“It’s all right. I’m going to be a traitor, too, someday.” Lane stomps on another corn shoot. “One day the Sleeping Dogs are going to come through here and I’m gone.”
Cael rolls his eyes. “This again.”
“Yeah. This again. You have your dreams. I have mine, pal.” Lane pops his knuckles. “The raiders are real.”
“I know they’re real. They’re just not as noble as you think. You think they’re armed, Empyrean-hating mutineers hiding out in the Heartland, working for the common man, trying to change things by bringing down the heavens. They raid towns, Lane. Our towns. Don’t be naive.”
Lane shrugs. “Some of our towns need raiding.”
“What kind of name is that anyway?” Cael asks. “Sleeping Dogs. Who’s afraid of a bunch of sleeping dogs anyway? You ever watch a dog sleep? Wanda’s mutt just lies on his back, snoring, slobbering, and passing gas so bad it could strip the plasto-sheen off a long road.”
“It’s a saying. Let sleeping dogs lie.”
“It’s a dumb saying, then. You ask me, you should wake them the hell up. Maybe you wake a dog up—” Cael’s about to say more on the subject, but it’s then they arrive at their destination.
Poltroon’s garage.
They all stop and stare. Inside they see Poltroon’s son, also Earl, sharpening a spiral of harvester blades. Sparks rain down around him as he stomps a pedal to spin the whetting wheel. The embers reflect back in Earl Jr.’s dark goggles.
“I don’t want to go in there,” Rigo says.
“We got to,” Cael answers.
“We know things,” Lane says. He doesn’t need to explain what things. Town’s been abuzz with what happened to Poltroon. Most assume he went on a bender and took his motorvator out. Some have whispered that the Empyrean thought he was too good at his job and whisked him away in the middle of the night—either to put him to work for them or to slit his throat, depending on the teller of the tale.
Cael grabs the other two, drags them in. “C’mon, we need to do this.”
Earl Jr. sees them approaching. He stops sharpening the blade and lifts the goggles from his eyes—around his eyes are deep pink impressions where the specs bit into his skin.

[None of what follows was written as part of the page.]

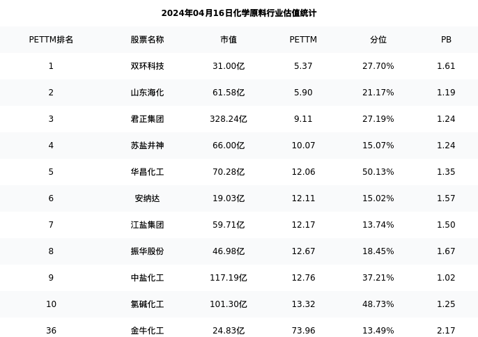 从估值角度看:金牛化工最新市盈率PETTM为73.96,在行业内排名37/55,处于13.49分位。

“Boys,” Earl says. He’s a few years older than they are. He looks them over with narrow eyes. “Now, I know you don’t need any motorvator parts. What’s up?”
Cael looks around the garage at all the motorvator parts hanging off the walls on pinboards and dangling from chains: control boards and rasp bars and wheel-treads. “I figure you don’t deal much with boats, but we need a new hover-rail for Doris—ah, the pinnace we’re borrowing.”
Earl Jr. stands. Bites at the fingers of his gloves to pull the gloves off. “Yeah. Heard you wrecked yours. That’s tough stuff. Life in the Heartland, right?”
“Life in the Heartland,” the boys intone together.
“Sorry,” Earl says, shaking his head. “Had something, but Boyland came in, bought it.”
“Godsdamnit!” Cael mutters. Figures.
“I’ll keep my ear to the ground, though. If anything turns up, it’s yours.”
Cael offers a hand. “Thanks just the same, Earl Jr.”
Earl shakes it. His grip lingers. It’s as if he’s searching Cael’s eyes. Which is insane; no way he could know anything about what they saw. It looks like he’s about to ask something—Cael can feel the sweat on his hands and brow go suddenly cold. But then Earl nods, pulls away.
“See you, Cael.”
“See you, Earl.”
They hurry out of there. As they step outside, Rigo says, “I feel like he knows.”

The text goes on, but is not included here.